Kendin Olmak: İnsan Olmanın Özüdür

Gülten RAYİMOĞLU

Kendin olmak, yalnızca bireysel bir duruş değil, insan olmanın en temel gerekliliğidir. Günümüz dünyasında, çevrenin etkisinden sıyrılarak kendi yolunu bulmak kolay değil. Ancak insanı insan yapan, ahlak ve adalet gibi evrensel değerlerden sapmadan, kim olduğunu unutmadan yürüyebilmektir.

Çevremiz, her an bizi şekillendirmeye çalışır.

Medya, toplum normları, gelenekler, hatta yakın çevremiz bile neyi nasıl yapmamız gerektiğini söylemekte ustadır. Bu baskı altında, kendi benliğini korumak cesaret ister. Ancak gerçek bir insan olmanın yolu, kendin olabilmekten geçer. Başkalarına özenmeden, sırf beğenilmek ya da onaylanmak için değil, içindeki değerleri ve doğruları savunarak yaşamak, insan olmanın esas anlamını oluşturur.

Kendin olmak, ahlaktan ve adaletten ayrılmamakla mümkündür.

Çünkü insan, çevresine verdiği zararla değil, değerlerine sadık kalarak büyür. Sadece kendini düşünerek değil, başkalarının haklarına saygı duyarak var olmayı başarır. Ahlak, insanın kendine ve çevresine olan borcudur. Adalet ise, bu ahlakın eyleme dönüşmüş hâlidir. Kendin olmak, bu dengeyi bozmadan yaşamak demektir.

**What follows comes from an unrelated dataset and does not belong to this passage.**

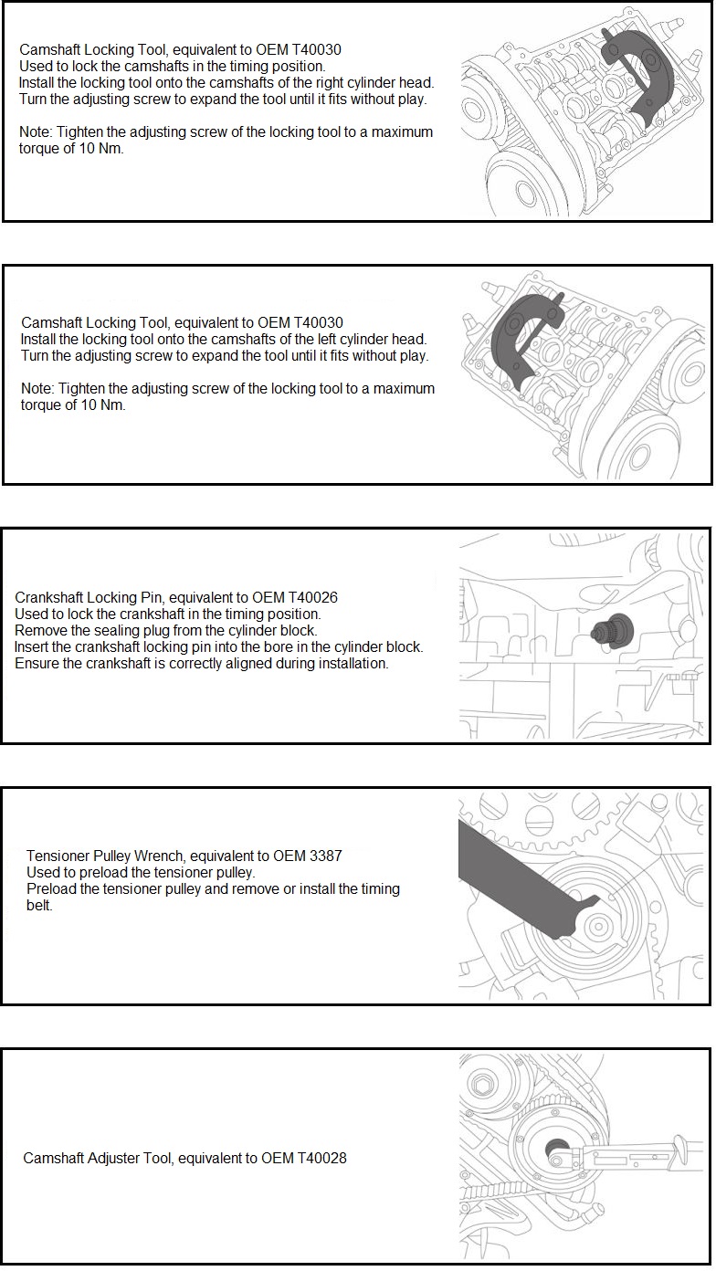 Home Automotive Tools Car Tools Engine Tools Engine Timing Tools VAG Petrol Engine Tools Toolkits Audi 3.0 V6 30V Engine Timing Tool Set – A4, A6, A8

Unutulmamalıdır ki, kendin olmak, bencil ya da başına buyruk olmak değildir. Bu, sorumluluklardan kaçmak anlamına gelmez. Aksine, kendin olmak, kendi doğrularınla yaşamayı göze alırken, başkalarının haklarını da gözetmektir. İçindeki insanı koruyarak, çevrene de örnek olabilmektir.

Kısaca, kendin olmak, insan olmanın özetidir.

Bu, başkalarına körü körüne uymadan, ama topluma karşı da duyarsız kalmadan, kendi özüne sadık bir hayat sürmektir. Gerçek insan olmak, kendin olmakla başlar ve değerlerini her durumda korumakla devam eder. Kendin ol; çünkü dünyanın, başka bir “sen”e değil, gerçek bir insana ihtiyacı var.